Zheming Wu and Zhenkun Lou conceived the project and designed all experiments. Zheming Wu performed most of the experiments and wrote the manuscript. Jake A Kloeber analyzed the TCGA data and generated the panels in Figure 5. Huaping Xiao performed the IHC staining and analyzed the data. Adrian T Ting provided the Ripk3 ^−/− mice pairs and provided technical expertise for the mice work. Ping Yin assisted with mice breeding and handling. Zhenkun Lou supervised the entire project and contributed to grant support. All authors discussed the results and provided feedback on the manuscript.

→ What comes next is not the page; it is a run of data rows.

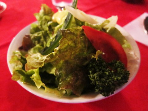 練習前に気軽に夕食と思っていたので、オムライスをオーダーしようと思ったら、結構なお値段。でもやっと入ったお店なのでオーダーしてみると、夜はオムライス単品は受け付けないとの事。サラダか何かを一緒に頼む必要があるそうです。なので、コンビネーションサラダをオーダーすると、このサラダは量が多いので、少しにしましょうと言ってくれました。
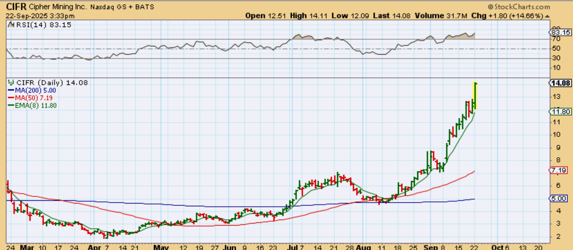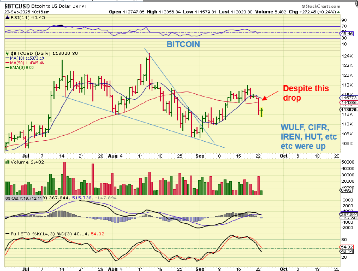 CIFR was up another 15%! THIS looks like it may be getting extended, but it just continues to climb higher on an almost daily basis. This also went from red to green and then rallied despite Bitcoins drop.
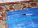 To use a single tarp I chose to use a 6 ft x 8 ft tarp folded in half. The resulting width is just an inch or so less than the commercial version. This is large enough for an average person, but if you want a larger one, use two 5 x 7 tarps. (Sometimes it is hard to find a store that carries such small tarps.) Just sew them on top of each other.
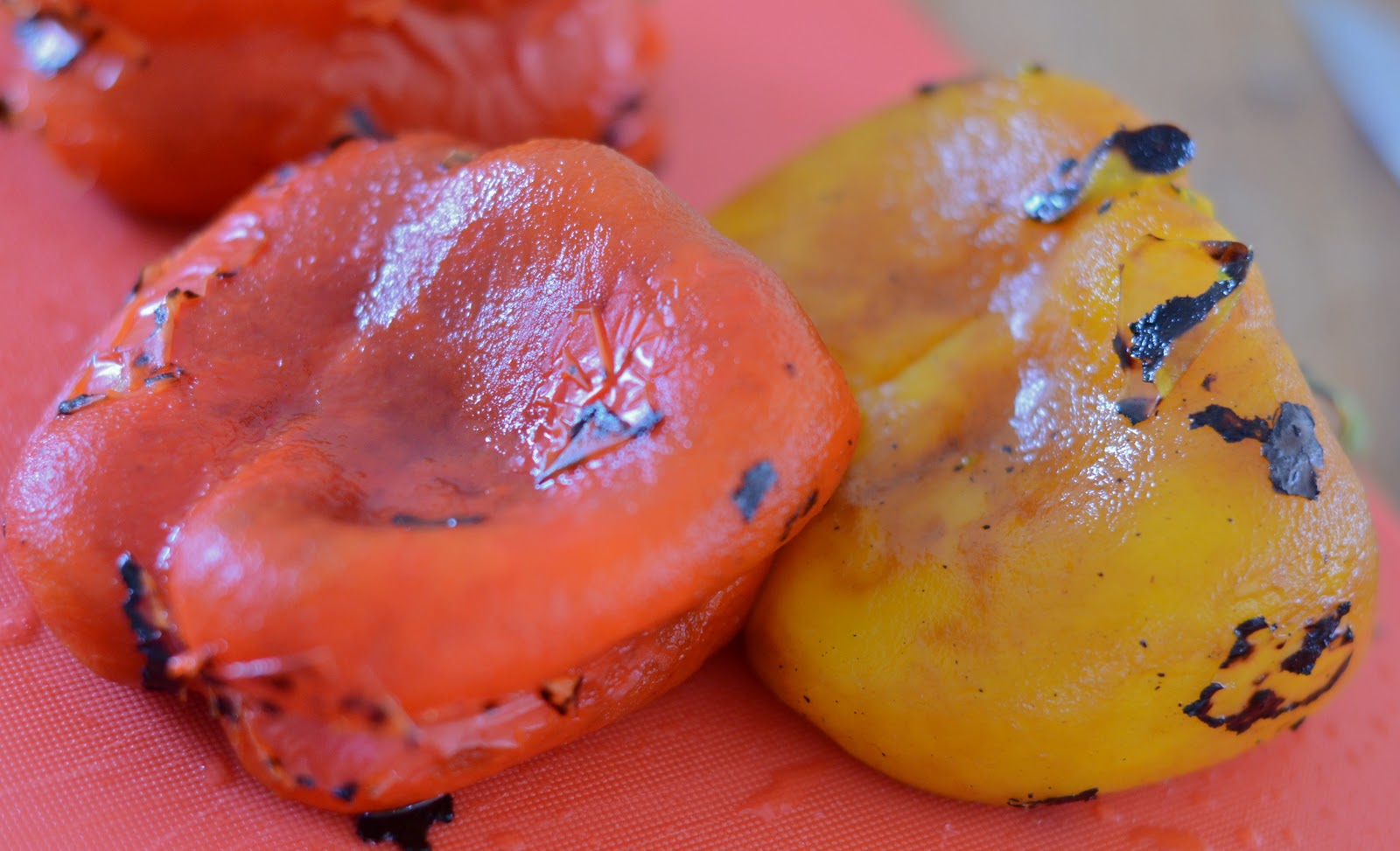 Så tar du 3 paprika (røde og gule) og legger dem under grillen i komfyren til skallet er brent. Har du en gasskomfyr som jeg, kan du ”svi dem av” på blusset. Når de har blitt skikkelig brent har du dem i en plastpose. Etter 10 minutter tar du dem ut, og da kan du fjerne skallet med fingrene. Fjern stilk og kjernene. Nå har du den søteste grønnsak i hånden. Kutt paprikaen i grove biter.
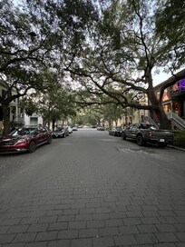 In Savannah many of the townhomes have 'garden level apartments' which is our way of saying ground floor. There are no stairs and unlike some garden apartments this one has high ceilings. There are 2 King bedrooms, and a pullout sofa in the living room. Very high end private laundry machines. Stocked kitchen (does not have dishwasher) has beautiful new refrigerator and gas stove. Optional $15 flat fee for use of one Private Off Street Parking Space Behind the Home!
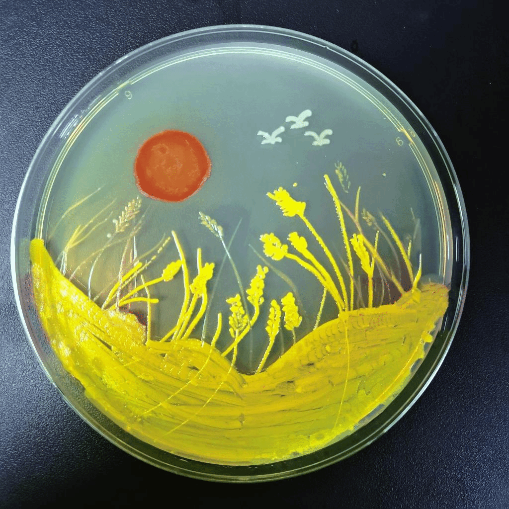 由91直播 农资2002班刘烨、董俊琦、许晶三位同学制作的《麦浪》,创意为“手中有粮,心中不慌”,阳光下茁壮成长的小麦,给人以愉悦与希望。制作过程为培养基的制备、接种与活化:按无菌操作分别将红(Escherichia coli)、黄(Staphylococcus aureus)、橙(Escherichia coli)、白(Bacillus sp.)四种菌种接种到培养基的四个区域。用封口膜将该培养皿密封,放入摇床培养一天。最后按无菌操作,用牙签和棉签蘸取菌液在培养基上进行作画。一共画三个培养基,保证结果的可重复性。
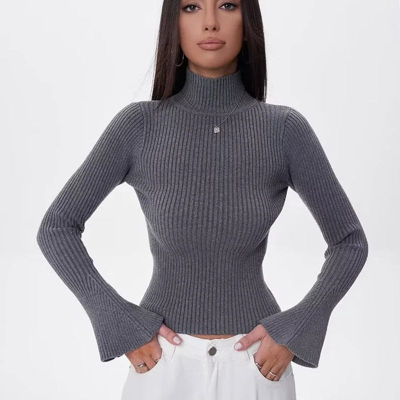 クロスボーダー2023冬の新型アメリカ式高襟弾力修身ラッパ袖ニット女性の中に長袖プルオーバー
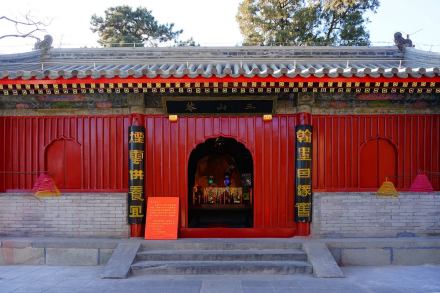 三山庵是八大處的第三處寺院,創(chuàng)建于金天德三年(1151年),山門(mén)面朝東北,是一座四合院落。山門(mén)殿為三開(kāi)間,左右各開(kāi)角門(mén)一扇;正殿五楹并配有耳房?jī)砷g;兩配殿門(mén)戶(hù)相對(duì)分列于正殿兩廂。山門(mén)殿懸額“三山庵”;垂聯(lián)“翰墨因緣舊;煙云供養(yǎng)宜”;正殿懸額“是大世界”,聯(lián)題:“慈目靜心法相;和風(fēng)甘雨祥云”。此院額聯(lián)皆為今人手筆。
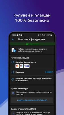 Получаваш същите услуги, с които си свикнал, пазарувайки от eMAG: бърза доставка, удължена гаранция, наложен платеж или плащане онлайн, 30 дни право на връщане и проверка на пратката преди заплащане. Също така, в твоя акаунт на eMAG апликацията винаги имаш на разположение историята на твоите поръчки и фактури, гаранции, списък с любими продукти, както и информация за данните за фактуриране.
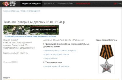За время боев на Криворожском направлении т. Тимонин вынес с поля боя 12 раненых красноармейцев и командиров под огнём противника и оказал 10 красноармейцам и командирам первую помощь»
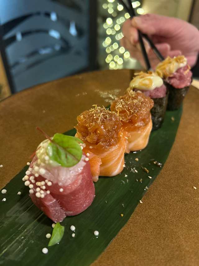 - È una variante di sushi tipica di osaka. È anche chiamato “pressed sushi” o “box sushi” proprio per la sua forma compatta e per il tipo di preparazione che c’è dietro. Servito con salmone affumicato, gambero in panko e avocado, salsa peruviana , chips e masago arae
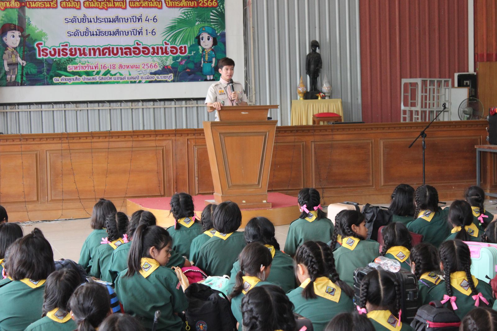 โรงเรียนเทศบาลอ้อมน้อยจัดโครงการเข้าค่ายพักแรม ลูกเลือ-เนตรนารี สามัญ สามัญรุ่นใหญ่ และวิสามัญ ณ ค่ายลูกเสือบ้านเสธ์ จ.ราชบุรี โดยมีนักเรียนระดับประถมศึกษา ปีที่ 4-6 และมัธยมศึกษา ปีที่ 1-6 ระหว่างวันที่ 16-18 สิงหาคม 2566 เพื่อให้นักเรียนมีความรู้และความเข้าใจในวิชาลูกเสือ ที่มีพื้นฐานของความสามัคคี ความอดทน กล้าแสดงออก และมีจิตสาธารณะต่อส่วนรวม ผ่านกิจกรรมการฝึกลูกเสือในทุกๆด้าน และเป็นเยาวชนที่มีคุณภาพต่อสังคมประเทศชาติ ในการนี้ได้มี นางสาวบุษยพรรณ์ แสงไชยพัฒน์ ผู้อำนวยการสถานศึกษา เป็นประธานและผู้อำนวยการฝึก และมีคณะคุณครูที่ร่วมเดินทางไปดูแลความเรียบร้อย

The authors declare that they have no competing interests.

This study was supported by National Institutes of Health funding R01CA224921. Jake A Kloeber was supported by National Institute of General Medical Sciences T32GM65841.

All animal experiments were performed and monitored in strict adherence to institutional protocols, with approval from the Institutional Animal Care and Use Committee (protocol A00003886) at the Mayo Clinic, in compliance with the guidelines of the American Association for Accreditation of Laboratory Animal Care and the NIH.